S501、获取至少一个第一时间段内的多个帧率。
其中,在第一时间段内电子设备为第一预设帧率。该在第一时间段内,电子设备的帧率或实际帧率或应用帧率小于或等于第一预设刷新率。至少一个时间段的多个帧率可以包括一个时间段内的多个帧率或连续多个第一时间段中每个第一时间段内的多个帧率。例如,连续3个时间段。第一时间段的长度可以根据需要设置,比如,可以为3秒(s)、5s、6s等,不予限制。
一种示例中,电子设备可以设置有多个预设帧率。例如,可以设置有120fps、115fps、110fps、105fps、100fps、95fps、90fps、85fps、80fps、75fps等多个预设帧率(也可以称为帧率档位)。当然,电子设备还可以设置有更多的预设刷新率档位。比如,还可以设置有75Hz、70Hz、65Hz等,不予限制。
需要说明的是,当在某一时间段内电子设备设置的预设帧率为该多个预设帧率的一个预设帧率时,则在该时间段内电子设备渲染图像的帧率小于或等于该预设帧率。例如,在时间段1内电子设备设置的预设帧率为115fps,则在该时间段1,电子设备渲染图像的帧率小于或等于115fps。在该时间段内电子设备渲染图像的刷新率和分辨率可以根据电子设备的GPU的图像渲染能 力、图像的图像处理复杂度情况。具体的,可以参照后续的实施例二。
S502、根据至少一个第一时间段内多个帧率,确定在第二时间段内电子设备的第二预设帧率。
其中,第二时间段为至少一个第一时间段的下一个时间段。多个预设帧率可以包括第一预设帧率和第二预设帧率。

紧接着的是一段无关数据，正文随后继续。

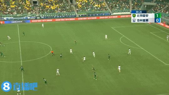 第 30 一分钟,沧州后场直接长传找前场,奥斯卡右路得球扣球内切,一脚兜射偏出立柱。↓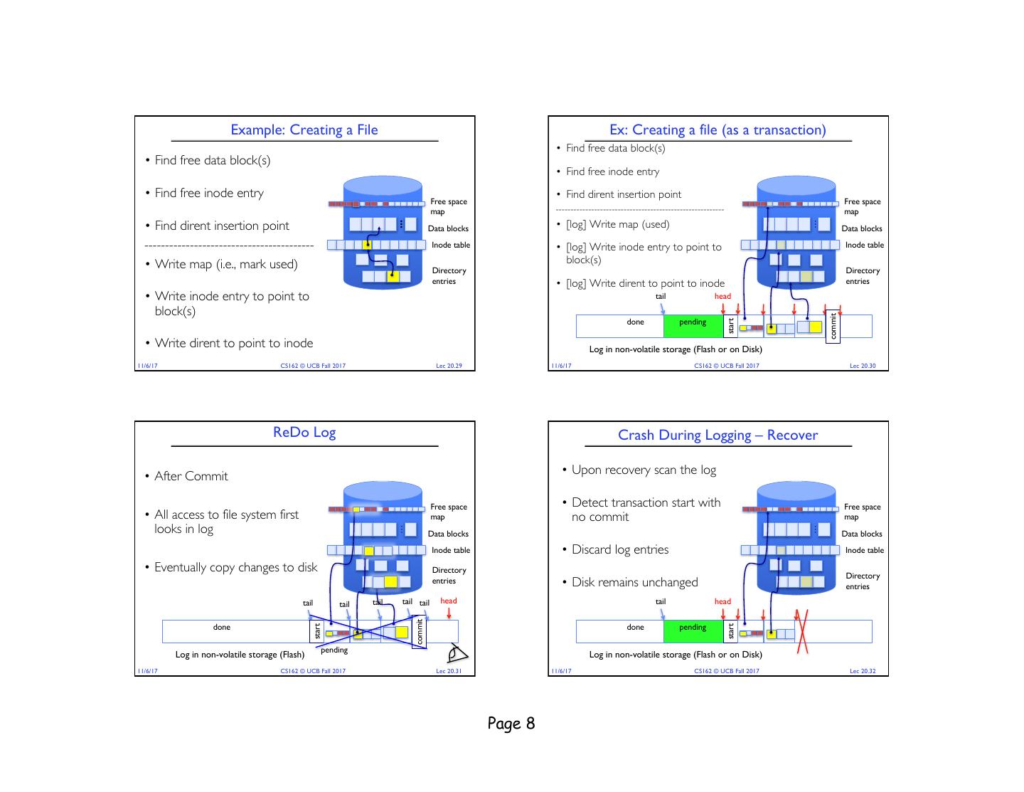 8 . Example: Creating a File Ex: Creating a file (as a transaction) • Find free data block(s) • Find free data block(s) • Find free inode entry • Find free inode entry • Find dirent insertion point Free space Free space map --------------------------------------------------------- map • Find dirent insertion point • [log] Write map (used) … … Data blocks Data blocks ----------------------------------------- Inode table • [log] Write inode entry to point to Inode table • Write map (i.e., mark used) block(s) Directory Directory entries • [log] Write dirent to point to inode entries • Write inode entry to point to tail head block(s) commit done pending start • Write dirent to point to inode Log in non-volatile storage (Flash or on Disk) 11/6/17 CS162 © UCB Fall 2017 Lec 20.29 11/6/17 CS162 © UCB Fall 2017 Lec 20.30 ReDo Log Crash During Logging – Recover • After Commit • Upon recovery scan the log Free space • Detect transaction start with Free space • All access to file system first map no commit map looks in log … … Data blocks Data blocks Inode table • Discard log entries Inode table • Eventually copy changes to disk Directory Directory entries • Disk remains unchanged entries tail tail tail tail tail head tail head commit done done pending start start pending Log in non-volatile storage (Flash) Log in non-volatile storage (Flash or on Disk) 11/6/17 CS162 © UCB Fall 2017 Lec 20.31 11/6/17 CS162 © UCB Fall 2017 Lec 20.32 Page 8

一种可能的实现方式中,电子设备可以根据至少一个第一时间段内的多个帧率的均值,确定在第二时间段内电子设备的第二预设帧率。
一种示例中,当至少一个第一时间内的多个帧率的均值与第一预设帧率的差值均小于预设值,第二预设帧率为多个预设帧率中大于第一预设帧率的预设帧率。
例如,结合S501的多个预设帧率,第一预设帧率为75fpd,第一时间段的时间长度为5s,预设值为5。在连续3个5s(也即15s)内多个帧率的均值分别为74fps、73fps、73fps,该三个均值与75之间的差值均小于5,则说明电子设备的较为稳定,可以增大电子设备的预设帧率。第二预设帧率可以为80fps,或者其他大于75fps的预设帧率。
又一种示例中,当第一时间段内的多个帧率的均值与第一预设帧率的差值大于或等于预设值,第二预设帧率为多个预设帧率中小于第一时间段的多个帧率的均值的预设帧率。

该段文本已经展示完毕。